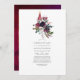 "Cheers to Love floral boho Celebration of Life" (Comemoração floral da vida) com sotaques de bordo, violeta, vinho tinto de ameixa, roxo escuro e rosa-pincel.
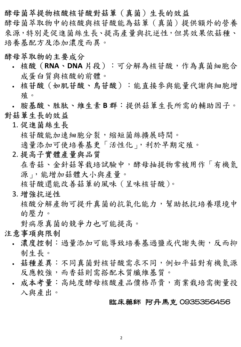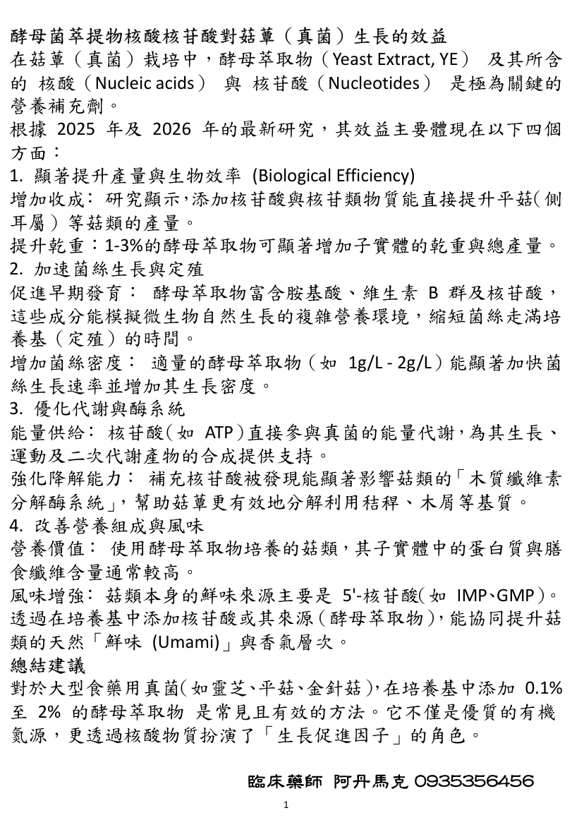 酵母菌萃取物中的核酸與核苷酸能為菇蕈(真菌)提供額外的營養來源,特別是促進菌絲生長、提高產量與抗逆性,但其效果依菇種、培養基配方及添加濃度而異。
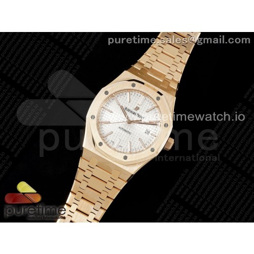 ZF공장 오데마피게 로얄오크 41 로즈골드금통 화이트다이얼 브레이슬릿 Royal Oak 41mm 15400 RG ZF 1:1 Best Edition White Textured Dial on RG Bracelet V2 SA3120 Super Clone
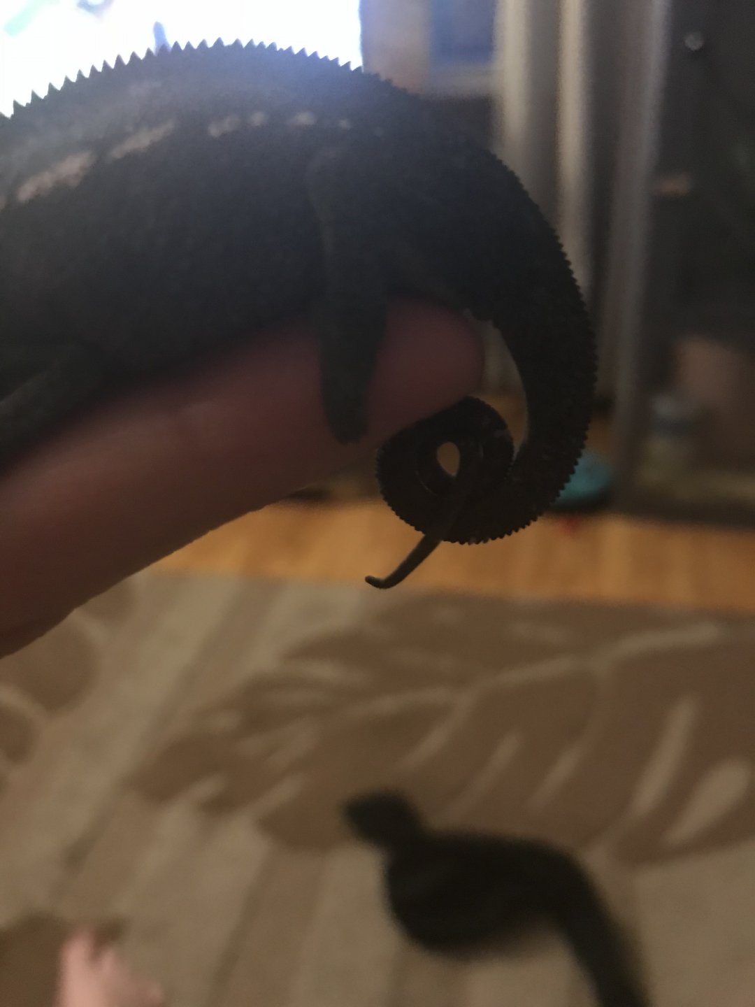 Gus is 4/4.5 months old. I’ve had him for about over a week. I got him from a very well known breeder in Canada. I do not plan on breeding. He’s not my only cham, I also have a super translucent veiled female! I will try and get some close up pictures. Can I message them to you ? I’ve already bonded with him for than my female. I’ve had her a lot longer too lol! He is definitely such a sweet little guy. I’m just a little upset that the breeder never mentioned anything to me, and still made me pay full price. I had contacted him about it, he said he would send me a new one and that I could keep Gus too!

--- AIM OF THE EXERCISE ---
Word for word, repeat the lines of data above, omitting every picture.

--- RESULT OF THIS EXERCISE ---
 "Cheers to Love floral boho Celebration of Life" (Comemoração floral da vida) com sotaques de bordo, violeta, vinho tinto de ameixa, roxo escuro e rosa-pincel.
 酵母菌萃取物中的核酸與核苷酸能為菇蕈(真菌)提供額外的營養來源,特別是促進菌絲生長、提高產量與抗逆性,但其效果依菇種、培養基配方及添加濃度而異。
 ZF공장 오데마피게 로얄오크 41 로즈골드금통 화이트다이얼 브레이슬릿 Royal Oak 41mm 15400 RG ZF 1:1 Best Edition White Textured Dial on RG Bracelet V2 SA3120 Super Clone
 Gus is 4/4.5 months old. I’ve had him for about over a week. I got him from a very well known breeder in Canada. I do not plan on breeding. He’s not my only cham, I also have a super translucent veiled female! I will try and get some close up pictures. Can I message them to you ? I’ve already bonded with him for than my female. I’ve had her a lot longer too lol! He is definitely such a sweet little guy. I’m just a little upset that the breeder never mentioned anything to me, and still made me pay full price. I had contacted him about it, he said he would send me a new one and that I could keep Gus too!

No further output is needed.